SOURCE MATERIAL Start Marker

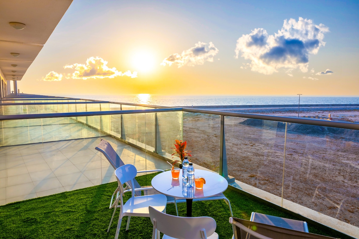 Acorde com vistas deslumbrantes para o mar no melhor edifício da Ilha Marjan Fayrouz, Bab Al Bahr. Perfeito para casais ou famílias, o apartamento dispõe de cama queen size, sofá-cama, colchão extra, Wi-Fi rápido, utensílios de cozinha de cerâmica e toalhas de cortesia. Aproveite as vantagens do resort: piscina, mercearia. Ideal para escapadas curtas e estadias longas à beira-mar.
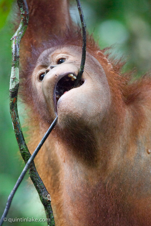 Portrait of Young Bornean Orangutan biting a twig, Sepilok, Sabah
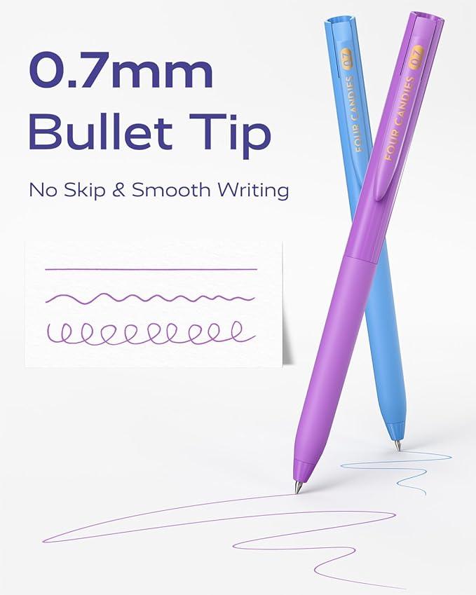 - QUICK DRYING PENS: Say goodbye to smudges with Four Candies fast-drying 0.7mm pens colorful. The smooth ink flow ensures a seamless writing experience, while the quick-drying ink prevents smudgingβideal for left-handed writers who often face this issue. Note: The sealing wax needs to be removed before writing

SOURCE MATERIAL End Marker

WHAT IS EXPECTED
Take the lines from the one holding "Portrait of Young" through the final line of the listing above and copy them exactly, both ends included, with no pictures.

SOLVED PROBLEM
 Portrait of Young Bornean Orangutan biting a twig, Sepilok, Sabah
 - QUICK DRYING PENS: Say goodbye to smudges with Four Candies fast-drying 0.7mm pens colorful. The smooth ink flow ensures a seamless writing experience, while the quick-drying ink prevents smudgingβideal for left-handed writers who often face this issue. Note: The sealing wax needs to be removed before writing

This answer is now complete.